Arkham Asylum managed this balance far more elegantly. The plot, which featured the Joker trying to exploit a wonder drug that turned people into muscle-bound monsters, was more functional than inspired. But the story didn’t need to be inspired; it just needed to provide clear objectives and structure. To that end, it works brilliantly, maintaining focus on the central story (twists and all), while still providing plenty of background content to keep the game from becoming too guided. For all its geographical limitations, the asylum feels like a real place, with defined sections and a moody, gothic-hospital vibe throughout. Arkham City has its moments, but the size never results in a greater feeling of freedom or discovery. It’s just more darkened windows and locked doors to glide past on your way to the closest thing on your checklist.

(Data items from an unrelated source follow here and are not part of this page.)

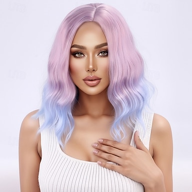 Perruque Synthétique Ondulé Vague d'eau Coupe Asymétrique Séparation profonde Fabriqué à la Machine Perruque 10 pouces A1 Cheveux synthétiques Femmes Cool Classique Confortable Multicolore
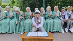 Öğrenciler, yüzlerce soydaşa birbirinden güzel ilahileri, dini konularda karşılıklı skeçleri ve namaz surelerini okudular.
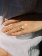 The Marielle 2.28 ring is a vintage-inspired VB-made diamond engagement ring. The ring centers a GIA certified 2.28 carat old mine cut diamond of K color, SI1 clarity. The center stone is set in a 10-prong 18kt yellow gold setting with an old mine cut diamond set to each side of approximately K-L color, VS clarity that combine for 0.93 carats. The ring is currently size 6.25 and can be resized!
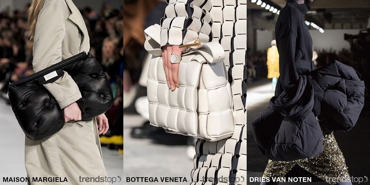 Bags come with a super cosy feel for the winter season. Padding and quilting effects create comforting pieces designed to be grabbed and hugged close to the body. Leathers and materials focus on quality with matte or subtly polished finishes and plush handles. Single colours and minimal hardware highlight 3D surface techniques.
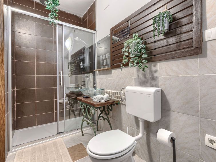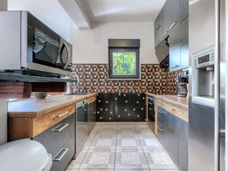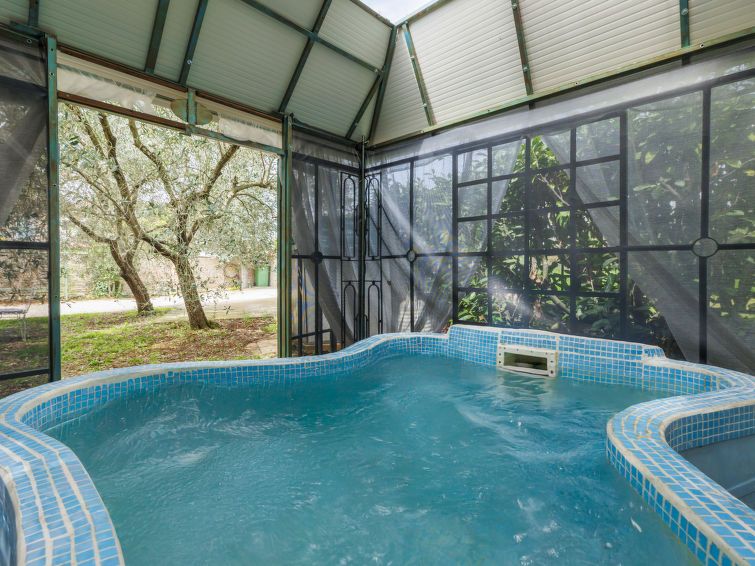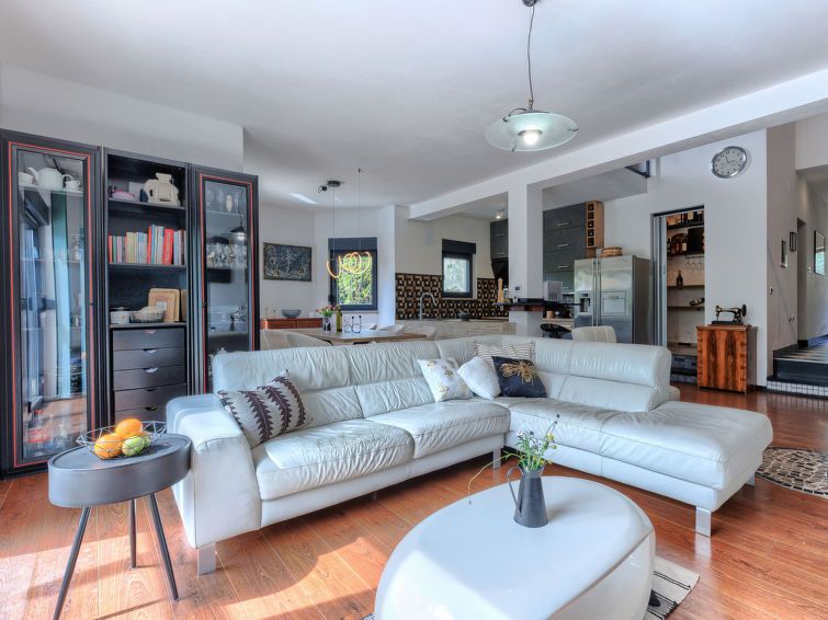 4-room house 180 m2. Tasteful furnishings: living/dining room with satellite TV. Exit to the garden, to the terrace, to the swimming pool. 1 room with 1 french bed (180 cm, length 200 cm), satellite TV and air conditioning. Exit to the garden. 1 room with 1 french bed (160 cm, length 200 cm), shower/WC, satellite TV and air conditioning.
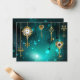 Tarjeta Pequeña Claves de esqueleto antiguas sobre fondo verde
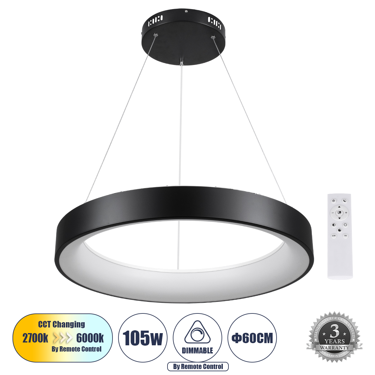 GLOBOSTAR® SALEM 61245 Μοντέρνο Κρεμαστό Φωτιστικό Οροφής LED 105W 12075lm 120° AC 220-240V IP20 Ρυθμιζόμενο Λευκό CCT με Χειριστήριο από 2700K έως 6000K Dimmable - Lumileds SMD Chip - Μαύρο Ματ - Μ60 x Π60 x Υ7cm - 3 Χρόνια Εγγύηση
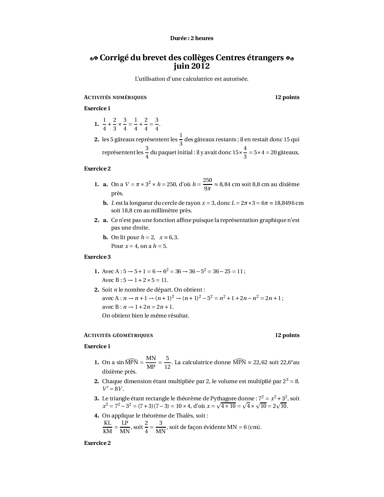 Brevet Maths Centres étrangers juin 2012 - Corrigé
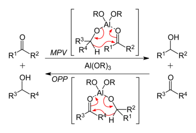 - ↑ Wilds, A. L. (1944). "Reduction with Aluminum Alkoxides (The Meerwein-Ponndorf-Verley Reduction)". Org. React. 2 (5): 178–223. doi:10.1002/0471264180.or002.05.
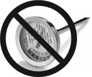 Only microwave safe thermometers can be used, NOT conventional thermometers.
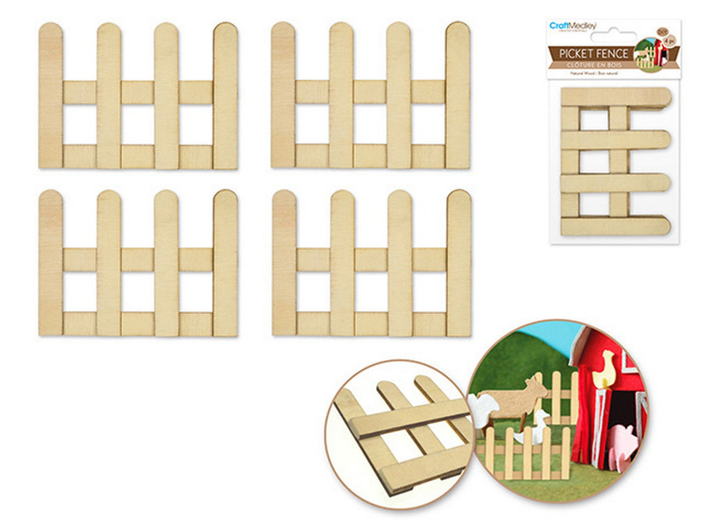 Craft Medley 4pcs Wooden Picket Fence Unpainted 2.36x3.14in
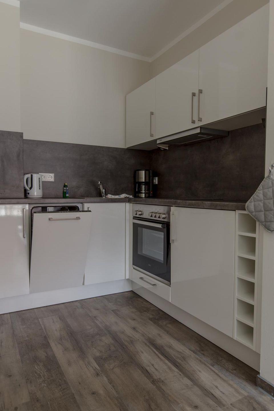 Offene Küchenzeile im Wohnraum mit Ceranfeld, Backofen, Geschirrspüler, Kühlschrank mit Gefrierfach
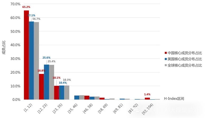 图|中、美、全球十个大模型核心成员 H-Index 分布
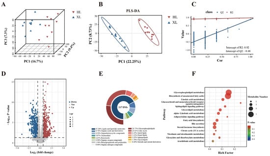 (A) Principal component analysis (PCA); (B) partial least squares discriminant analysis (PLS-DA); (C) PLS-DA permutation test plot; (D) volcano plot showing significant differences in metabolites between treatments selected by PLS-DA (VIP > 1, p < 0.05, FC = 1.5 or 1/1.5); (E) biochemical categories of identified differential metabolites are displayed in a pie chart; (F) enrichment pathways of differential serum metabolites in XL and HL groups under heat stress conditions.

Arkham City’s stuffed-crust approach to objectives and narratives routinely tweaks what was effective in the original in ways that aren’t necessarily improvements. One small example: In City, the Riddler kidnaps a group of paramedics and demands that you solve enough of his puzzles to earn the right to free the hostages one by one. In Asylum, the Riddler offers the same basic challenge—environmental puzzles and hidden question-mark trophies—without the pressure of victims to make the quest feel like a burden. Asylum’s approach results in a sub-plot that adds flavor without serving as a distraction from the main story. It’s a small change (and you can finish either game without completing the Riddler quests) but it’s a difference in philosophy. City’s Riddler quest and other extracurricular activities drag down momentum. What was texture becomes a distraction, making it difficult to enjoy any single section without having the nagging feeling that there’s something else you should be doing.
At a certain point, this sort of judgement comes down to a matter of taste: Do you want a more refined experience like Asylum, which balanced depth and direction and allowed for subtly guided exploration, or the pell-mell flurry of cool stuff that is City? Both are fine games, but the latter’s design suggests a path that is ultimately self-defeating, sacrificing coherence and emotional investment for the sake of distraction. As a protagonist, Batman offers developers an ideal mixture of history, vulnerability, mystery, and empowerment, but that mixture requires careful balance. Throw in too much, and one lone bat signal is doomed to be lost in a sky full of white noise.